The first time I saw that sharp, sparkling thing, I didn’t know what they were doing. As they inserted that never-before-seen object into my body, its fluid passing slowly through my veins scintillating
those valves and nooks it had never before made its way through, half of my body was left paralysed. And then high-pitched shrieks filled the silence of the room, shrieks so loud their frequency could have shattered the glass. This was my first encounter with the prickly prick.

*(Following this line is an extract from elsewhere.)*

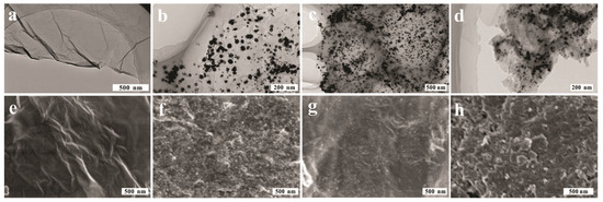 TEM and SEM images of (a,e) GO, (b,f) GO–PtCo, (c,g) GO–PtCo@MIPDA, and (d,h) GO–PtCo@NIPDA.

“It’s okay. Mummy’s here.” A soothing sound made its way through my ear-piercing shrieks. “Shh… you’re my brave, little boy. It doesn’t hurt much, does it?” As she held me close to her heart and sang those oh-so-familiar words, the pain began receding. My fluttering eyelids closed, and my wailing all but stopped. As I took a ride in dreamland, I knew that that first-ever prickly prick of mine wasn’t my last, that there were many such pricks that would pierce my little body with no remorse, pricks not even the thickest of armour could shield off.
•••
I knew I should have never done that. I knew that I was being hasty. Just when everything was done, I realised that I had forgotten my helmet. I ran up a flight of stairs and BAM! I lost control and hit my head on the metal baluster.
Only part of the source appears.